The new Antarctic Supply Research Vessel (ASRV) Nuyina, built by Damen Shipyards, has set sail from Vlissingen for its seven-week homeward voyage to Hobart, Tasmania. With the official handover to the Australian authorities, this ship, with a length of 160 metres and a cargo capacity of 24,000 tonnes, is now the most advanced arctic research vessel in the world.
ASRV Nuyina is one of the key components of Australia’s Antarctic strategy and twenty-year action plan. As an icebreaker, its tasks include supplying Antarctic stations, scientific research, transport, disaster relief, evacuations and carrying out patrols.
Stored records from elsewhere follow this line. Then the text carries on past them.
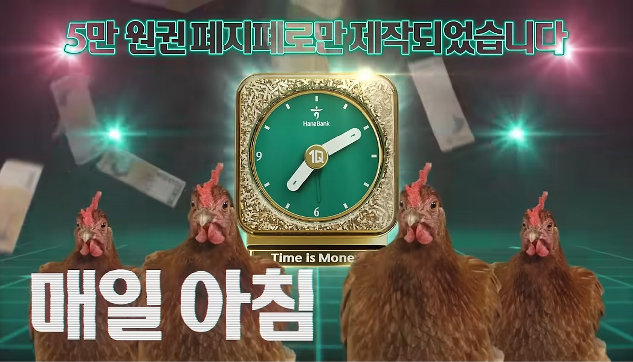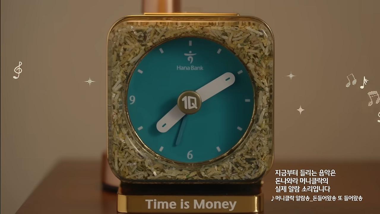 하나은행 본사 사옥을 지나갈 때 저 폐지폐로 만든 알람시계를 본 적이 있었는데 영상 등을 찾아보진 못했다. 그런데 이런 기사를 보니 궁금해서 찾아봤다. 그리고 그 키치 함에 조금 놀랐다.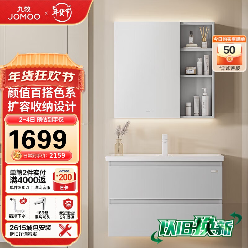 九牧(JOMOO)浴室柜 陶瓷一体盆抗菌洗脸盆柜组合双抽冷灰80cm A2721-15LD-2价格:2149.00元!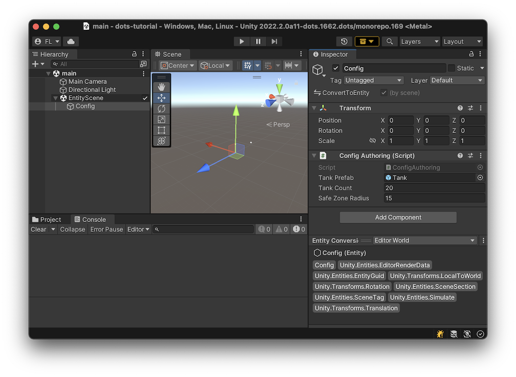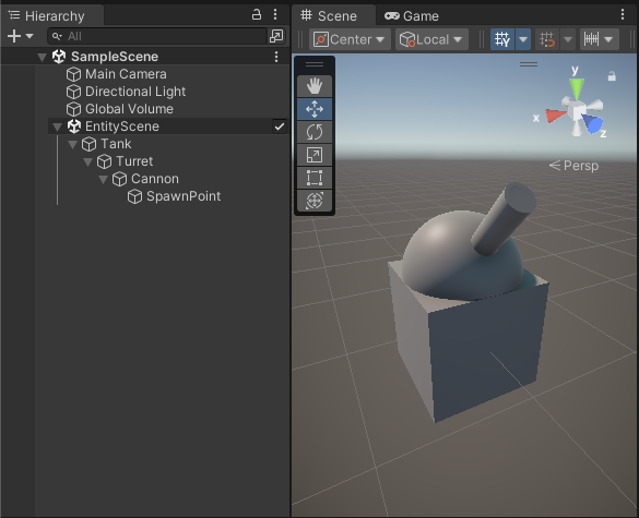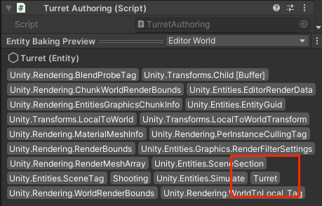 using Unity.Entities; // 이 태그 컴퍼넌트는 "사용 가능한 컴퍼넌트"이기도 합니다. // 이러한 컴퍼넌트들은 엔티티에 존재하는 동안 온/오프 될 수 있습니다. // 이렇게 하는 것이 컴퍼넌트를 추가하거나 제거하는 것보다 훨씬 효율적입니다. struct Shooting : IComponentData, IEnableableComponent { } - "Scripts/Authoring" 폴더에 있는 "TurretAuthoring.cs" 파일의 내용을 다음과 같이 수정합니다: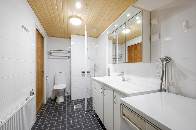- Suihkuseinä, wc-istuin, peilikaappi, suihku, ja kiinteät valaisimet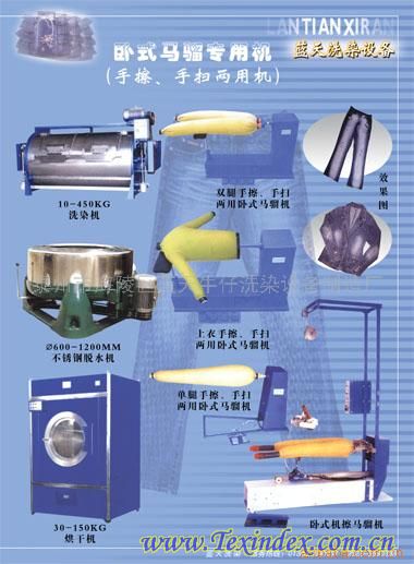 牛仔服:臥式碼騮機(jī)(單腿、雙腿)等洗滌機(jī)械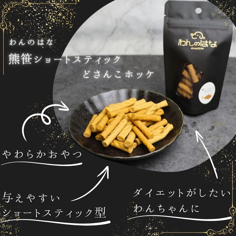 熊笹は、標高1000メートル以上の大地に生息する、60年以上枯れないといわれているイネ科の植物です。 熊は、冬眠生活を過ごすための食事をしたあとに、熊笹を食べますが、冬眠中に腸内が異常発酵し、血液が汚れ、体内に毒素が回らないようにしているのです。 「笹団子」「富山のマス寿司」などに熊笹が利用されているのは笹の葉が持つ抗菌作用を利用したものと考えられます。 わんのはな熊笹ショートスティックシリーズには、熊笹のエキスを配合し愛犬愛猫の健康をサポートします。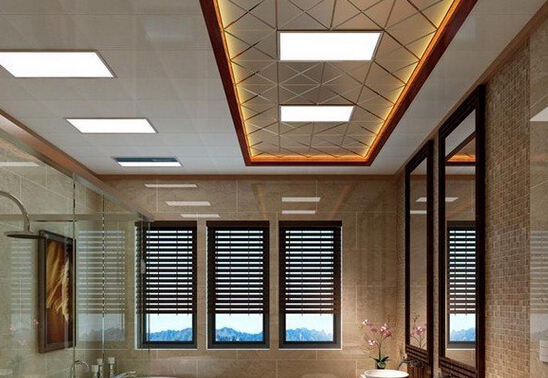 1.一般來說,選擇與瓷磚同一色系的扣板整體感會比較強。各種花色的板與白色的板搭配已經成為吊頂產品的主流搭配方案。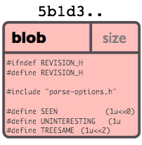 每个对象(object) 包括三个部分:类型,大小和内容。大小就是指内容的大小,内容取决于对象的类型,有四种类型的对象:"blob"、"tree"、 "commit" 和"tag"。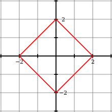 تصف مربعا ضلعه يساوي 2 ويتقاطع قطراه في مركز المَعلم. المساحة تساوي مربع القطر على 2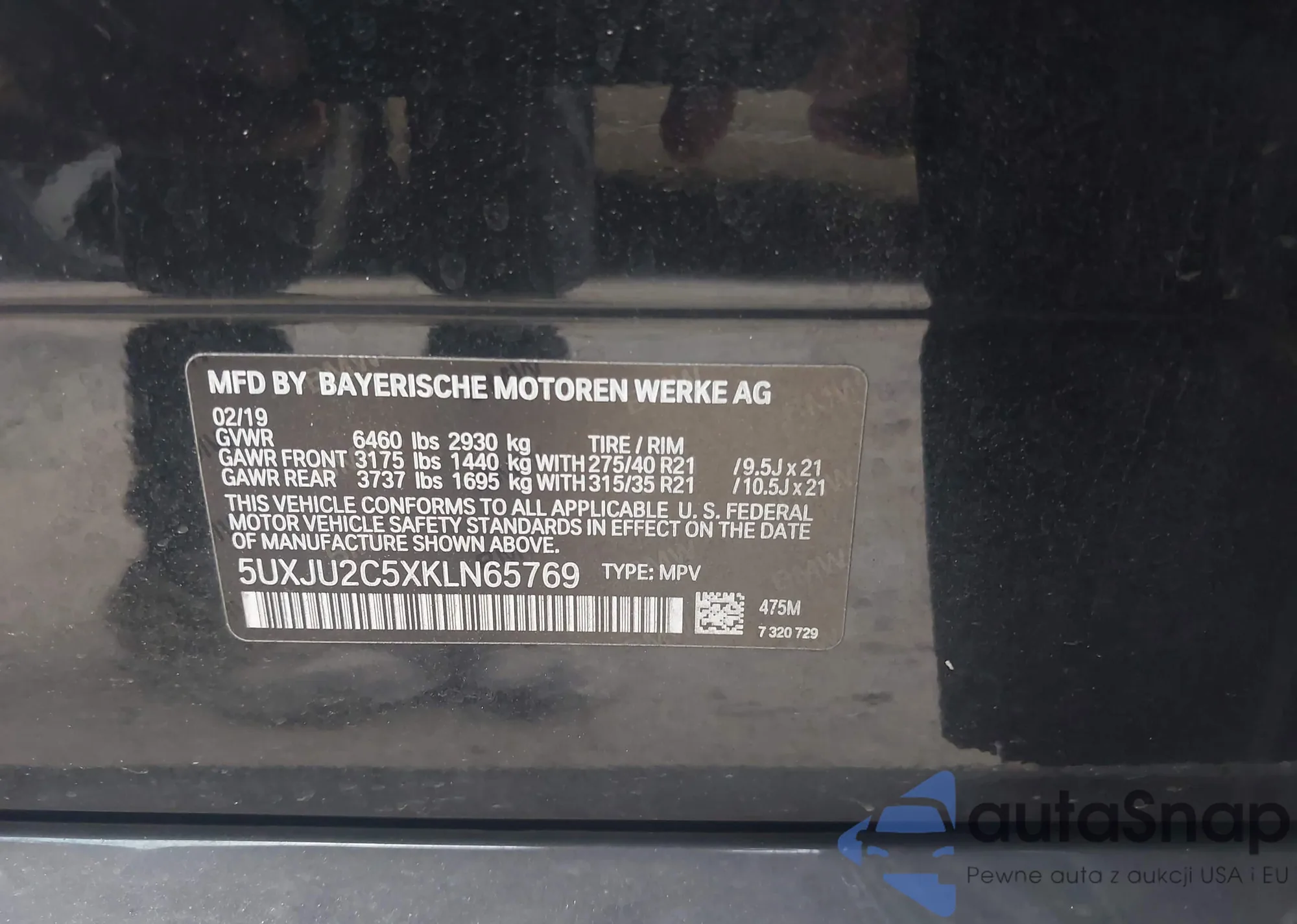 • VIN 5UXJU2C5XKLN65769

The design and construction of the vessel was a multinational effort involving the Australian Antarctic Division, the vessel operator Serco, Danish designers Knud E Hansen, Damen’s engineering and detail design teams and the construction team at Damen Shipyards Galati in Romania. Around 120 Dutch companies from the entire supply chain of Dutch shipbuilding, led by Damen, were involved in the project.
Dutch Government as launching customer
‘The Netherlands’ maritime supply chain is one of the best in the world. This is partly due to the activities and innovative outlook of the Ministry of Defence and the Royal Netherlands Navy,’ says Roland Briene, commercial director at Damen Naval. ‘As an important “launching customer”, Defence plays a vital role in creating and maintaining the top quality within the self-creating Dutch naval construction sector. Damen is proud to be the prime contractor for many of their projects. It is these types of “launching customer” projects that enable us and Dutch suppliers to also design, build and deliver these complex vessels to a government on time (with a delay due to the COVID pandemic) within budget.’
A range of Australian companies have also played an important role in the construction of the ASRV Nuyina, such as Taylor Bros from Tasmania, which supplied two powerful Antarctic landing ships.
‘We are very proud that the Australian government chose to work with Damen for such a complex project,’ continues Roland Briene. ‘This is based not only on our long experience of building complex naval vessels, but also on our track record of working with Australian agencies and companies. Over the past twenty years, we have delivered more than 75 ships to the country, including three advanced support vessels for the Royal Australian Navy.’
Virtually zero impact
In addition to the many innovative systems that the ASRV Nuyina has in place to ensure that the impact on the environment is virtually zero, the ship has climate-controlled spaces that can accommodate up to 32 crew members, 116 special personnel and a doctor for a period of up to ninety days. It includes single and double cabins with private bathrooms, a galley, dining room, lounges, theatre, fitness centre, yoga and medical rooms. The research facilities include 500m² of scientific (dry and wet) laboratories and offices. The ship has a range of 16,000 miles at a speed of 12 knots, and can break 1.65 metres of ice at a speed of 3 knots.
‘It is a memorable occasion,’ adds Gerry O’Doherty, captain of the ASRV Nuyina. ‘The ship was designed and built for the Australian Antarctic Program and it’s really special. This departure is day one of a thirty or possibly forty-year life span! We are going to do as much as we can with the ship. Everyone involved in this project can be proud of their contribution to the development of this ship, which has set a new world standard in polar research.’
Most advanced research platform
Sussan Ley, Australian Minister of Environment, said of the vessel: ‘The SRV Nuyina will be the most advanced research platform in the Southern Ocean. A $1.9 billion commitment to our Antarctic ambition, to our pioneering Antarctic history and to Australia’s indigenous heritage.’
‘Nuyina is a Tasmanian Aboriginal word for southern light, when the ship arrives in Hobart later this year and comes under full Australian command, it will shine a light on the importance of Australian Antarctic science in monitoring and protecting our changing environment.’